NLP on Mueller Report (twitter.com)
Oh, that’s my thread. It’s not written for the HN crowd; my followers on Twitter are a very different demographic. It’s written to help non-technical folks start to consider the possibilities of the technology that exists in their lives now.

They’re just getting a carefully curated peek behind the curtain. The HN crowd knows what’s behind the curtain already.
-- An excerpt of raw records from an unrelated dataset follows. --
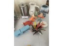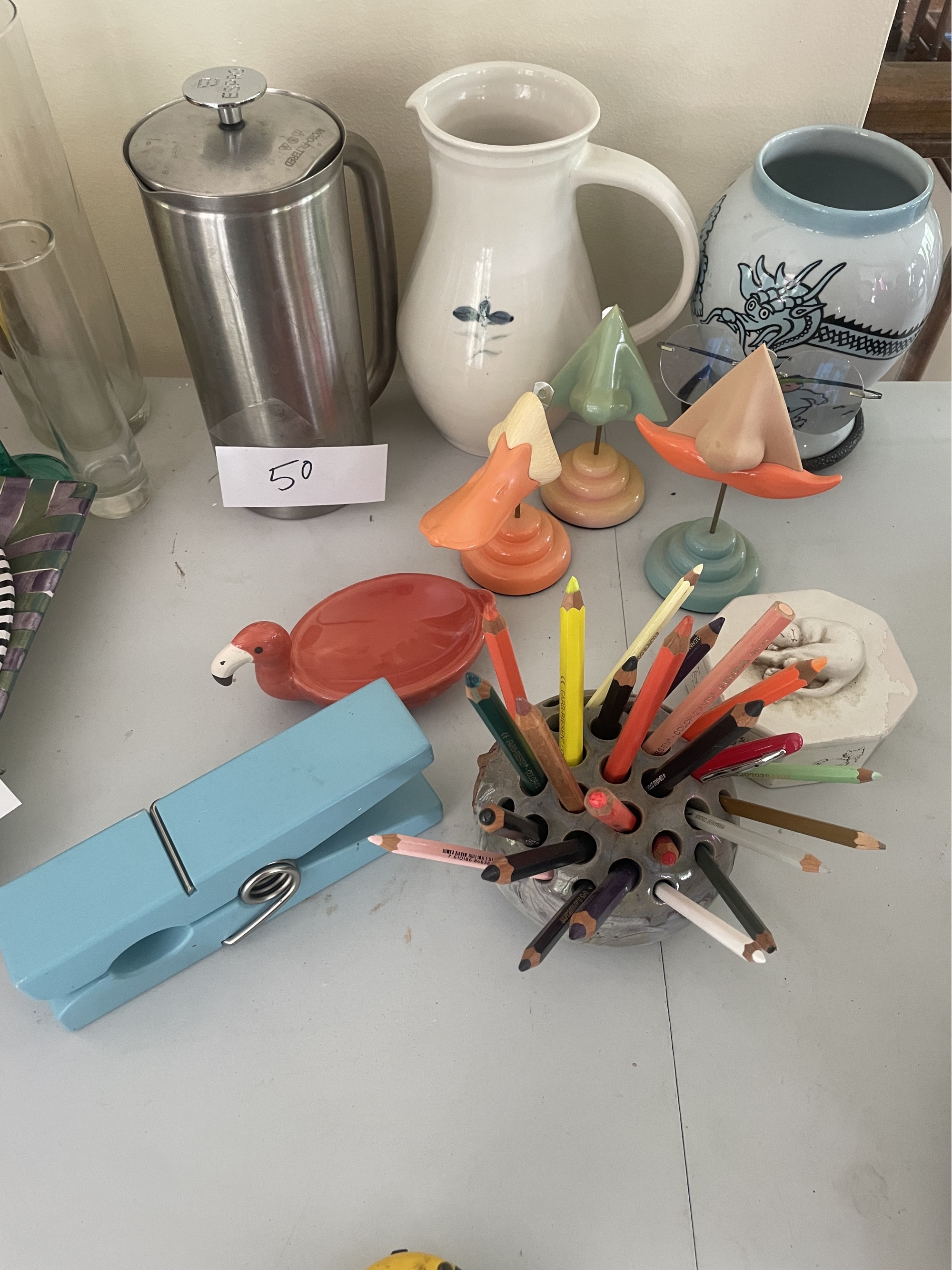 Including pitcher, cat box, 3 cartoon eyeglass holders etc. Height of espresso maker 10 inches.
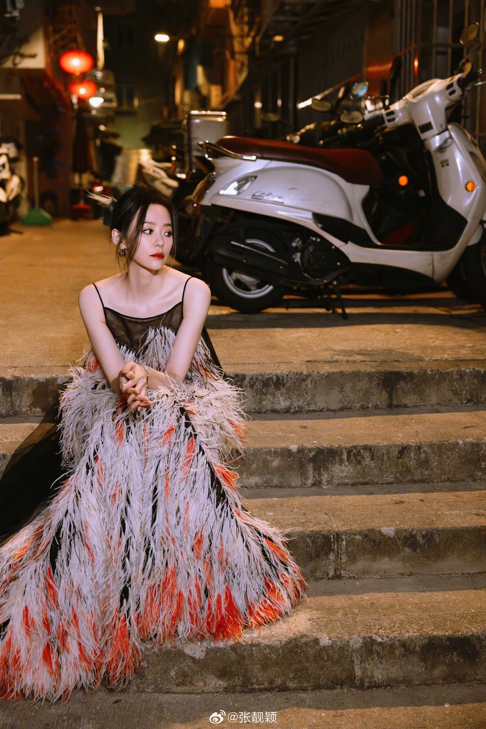 張靚穎粉羽翩翩漫步街頭 光影朦朧雕琢溫柔意蘊
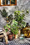 Mindre träfat, 195 kr, Malaika Cotton, träfat med fötter, 495 kr, Soulosofie. Liten keramikskål, 79 kr, Bitz. Liten svart spilkum, 150 kr, vinrött kakfat, 275 kr, båda från Pottery Jo. Stol, privat. Karaff i keramik, 725 kr, Fide Fajans. Kruka med handtag, privat. Glaskaraff ”Raami”, 1 liter, 999 kr, Iittala. Keramikvas ”Ebba”, 420 kr, Lindform. Sittdyna ”Boho”, 40 x 40 cm, Jotex. Ljusslinga ”Flexi out/Sari”, 1 999 kr, PR Home. Metallsoffa, privat
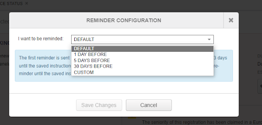 If no reminder preferences are chosen, EasyIP will continue to issue reminders according to the ‘default’ preferences of their Novagraaf office until the renewal deadline of the case(s). Of course, those reminders will cease as soon as the instructions are received.
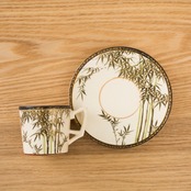 薩摩焼 カップ&ソーサー デミタス コーヒー 竹図 アンティーク 日本古陶磁 骨董 アンティーク 日本の美 コレクターズアイテム 薩摩錦手 明治工芸 SATSUMA 細密画 デザイン 金彩【BC78】
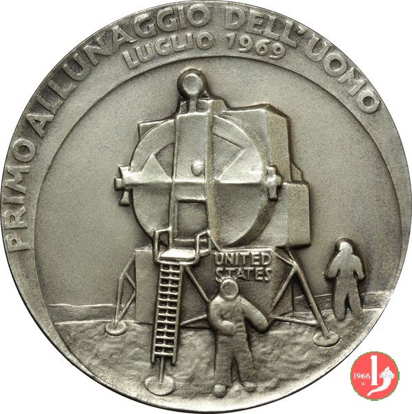 Primo Allunaggio dell'Uomo 1969 Dritto: PER SEGUIR VIR _ TUDE _ E CONOSCENZA Sedalo, in piedi e volto a sx, sistema le ali a Icaro nudo, in piedi, di fronte con le braccia alzate in basso, a sx: MONASSI in basso a dx: S. JOHNSON in alto, circolarmente: LUGLIO 1969 entro medaglia decentrata verso il basso: la camminata spaziale di Neil Armstrong e Buzz Aldrin attorno all'Apollo 11 | |
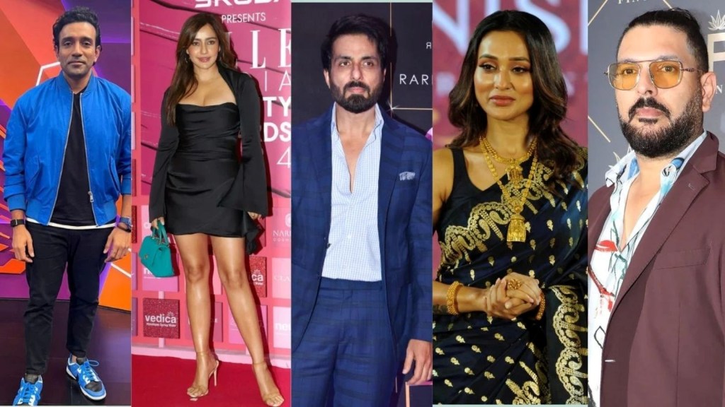 રોબિન ઉથપ્પા, નેહા શર્મા, સોનુ સૂદ, મિમી ચક્રવર્તી અને યુવરાજ સિંહ. (ફાઇલ ફોટો)
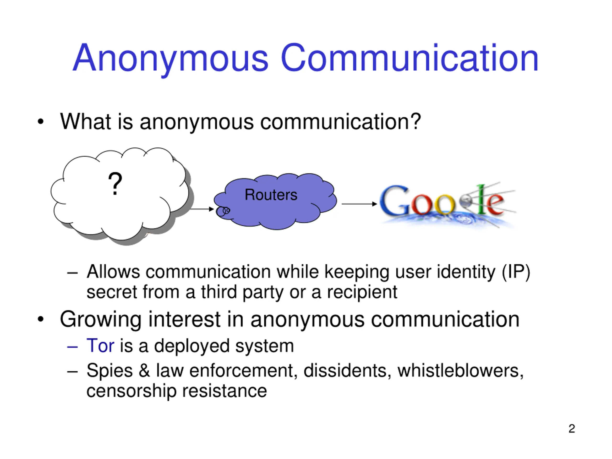 Anonymous Communication What is anonymous communication? ? Routers Allows communication while keeping user identity (IP) secret from a third party or a recipient Growing interest in anonymous communication Tor is a deployed system Spies & law enforcement, dissidents, whistleblowers, censorship resistance 2
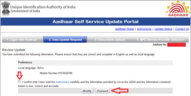 जरूरी कागजात अपलोड करने के बाद बीपीओ सर्विस प्रोवाइडर में से उचित विकल्प को चुनें। अब रिक्वेस्ट सबमिट कर दें। इसके बाद आपको अपडेट रिक्वेस्ट नंबर मिलेगा। इसे संभाल कर कहीं लिख लें। आप चाहें तो अपडेट रिक्वेस्ट की कॉपी को डाउनलोड या प्रिंट कर सकते हैं। बता दें कि यूआईडीएआई की वेबसाइट पर साफ लिखा है कि आधार डाटा में अपडेट के लिए आवेदन देने मात्र से जानकारी अपडेट नहीं होगी। आपने जो नई जानकारी दी है उसे जांचने के बाद ही अपडेट किया जाएगा।

A couple things: there’s a lot more interesting stuff going on than I’m explaining in my thread. As syllogism noticed, I’m using spaCy for the NLP part of the analysis (and displaCy was the best visual way to explain that to non technical folks!). The approach I’m using to dereference relative dates could be useful for its own spaCy post on its NER, for example. Same with dereferencing last names to the full names they’re referring to. Those two things alone are immensely useful for journalists and data viz designers. Plus, I love the hell of spaCy. I’ve done a ton of interesting stuff with it that I should write about—like discovering sock puppet accounts by comparing simple grammar signatures (relative ratios of parts of speech used in their text, along with other features like where adverbs and prepositions are used).

Two more things: the flight data is the sleeping dragon of that thread. Really.

And I’ve abandoned the idea of “unredacting” with predictions. For some technical reasons, sure (the redactions, for example, actually displace or edit other text, so it’s impossible to know the correct box size)…but mostly for ethical concerns.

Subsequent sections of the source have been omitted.